Наташа застала Соню за чтением письма и узнала, в чем дело.

-- Ах, какая ты счастливая, -- закричала она. -- Что ж ты ответишь ему?

-- Нет, я не знаю, что мне делать, я не могу теперь видеть его.

Через неделю после этого письма, на которое Долохов не получил ответа и во время которой Соня упорно избегала оставаться с ним наедине, Долохов приехал рано утром к Ростовым. Он попросил видеть графиню и сказал, что он просит руки Софьи Александровны. Графиня изъявила условное согласие и послала Соню. Соня, красная и трепещущая, обнявшись с Наташей, вошла мимо любопытных глаз дворни, уже знавшей, в чем дело, и радостно ожидавшей свадьбы барышни, в комнату, где ожидал ее Долохов, а к затворившимся за ней дверям тотчас же прильнули любопытные головы. Долохов покраснел, как только вошла еще более покрасневшая и испуганная Соня, быстро подошел к ней и взял ее за руку, которую она не могла отнять от страха, охватившего ее. "Как это может быть, чтобы он любил меня", -- думала она.

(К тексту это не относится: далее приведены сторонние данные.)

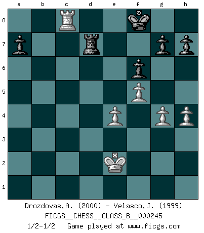 Last move : 1/2-1/2 2016 October 23 13:5:38 [Event "FICGS__CHESS__CLASS_B__000245"] [Site "FICGS"] [Date "2016.08.05"] [Round "1"] [White "Drozdovas,Arturas"] [Black "Velasco,Jose Maria"] [Result "1/2-1/2"] [WhiteElo "2000"] [BlackElo "1999"] 1.d4 Nf6 2.c4 e6 3.e3 d5 4.Nf3 c6 5.b3 c5 6.Bb2 cxd4 7.Nxd4 Bb4+ 8.Nd2 O-O 9.a3 Be7 10.Be2 Nc6 11.O-O Nxd4 12.Bxd4 b6 13.b4 Bb7 14.Rc1 Rc8 15.Qa4 Qd7 16.Qxd7 Nxd7 17.cxd5 Bxd5 18.Ba6 Rxc1 19.Rxc1 Rd8 20.Kf1 f6 21.e4 Nb8 22.Bc8 Ba2 23.Be3 Bd6 24.f4 e5 25.f5 Bf7 26.Kf2 Kf8 27.g4 Be7 28.Ke2 Be8 29.Be6 Nc6 30.Nf3 Bd6 31.h4 Nd4+ 32.Nxd4 exd4 33.Bxd4 Bxb4 34.Bxb6 Bxa3 35.Bc5+ Bxc5 36.Rxc5 Bd7 37.Bxd7 Rxd7 38.Rc8+ 1/2-1/2 Queen's pawn game Kingside Castling by player Black (move 8) Kingside Castling by player White (move 11) This chess game ended in a draw. Follow this game move after move (download)If you aren't afraid of Spassky, then I have removed the element of money. (Jim Slater) Mit sehr nachdenklichem Gesicht schreitet Bobby durch den Turniersaal. Was ist passiert?, fragt Lombardy. Ich stehe schlecht, antwortet Fischer. Lombardy: Dann biete doch einfach Remis an. Fischer: So schlecht stehe ich nun auch wieder nicht! (Robert James Fischer) En un gambito tu regalas un Peón por el bién de tomar un juego perdido. (Samuel Standige Boden) Je menace de comprendre la position. (Anonyme) Perhaps chess is the wrong game for the times (The Chess Master and the Computer, by Garry Kasparov - 2010)

-- Софья Александровна, я обожаю вас, вам нечего говорить. Вы поняли уже, что вы сделали с моим сердцем. Я был порочен, я был во мраке, пока я не знал тебя, обожаемая, несравненная Софи. Ты ангел, осветивший мою жизнь. Будь моей звездой, будь моим ангелом хранителем. -- Его прекрасно-звучный голос задрожал, когда он говорил это, и он обнял ее и хотел прижать к себе.

Соня дрожала от страха и казалась потерянною, капли пота выступали у нее на лбу, но, как скоро он дотронулся до нее, кошечка проснулась и вдруг выпустила когти. Она отскочила от него. Все, что она приготовила сказать ему, не сказалось. Она почувствовала его привлекательность, его власть над собою и ужаснулась. Она не могла быть ничьей женою, кроме Николая.

-- Месье Долохов, я не могу... я благодарю вас... ах, уйдите, пожалуйста.

-- Софи, помните, что моя жизнь, будущая жизнь, в руках ваших.

Но она с ужасом оттолкнула его.

-- Софи, скажи, ты любишь уже? Кого? Я убью его.

-- Своего кузена, -- сказала Соня.

Долохов нахмурился и вышел быстрыми, твердыми шагами, с тем особенным выражением злобной решительности, которое иногда принимало его лицо.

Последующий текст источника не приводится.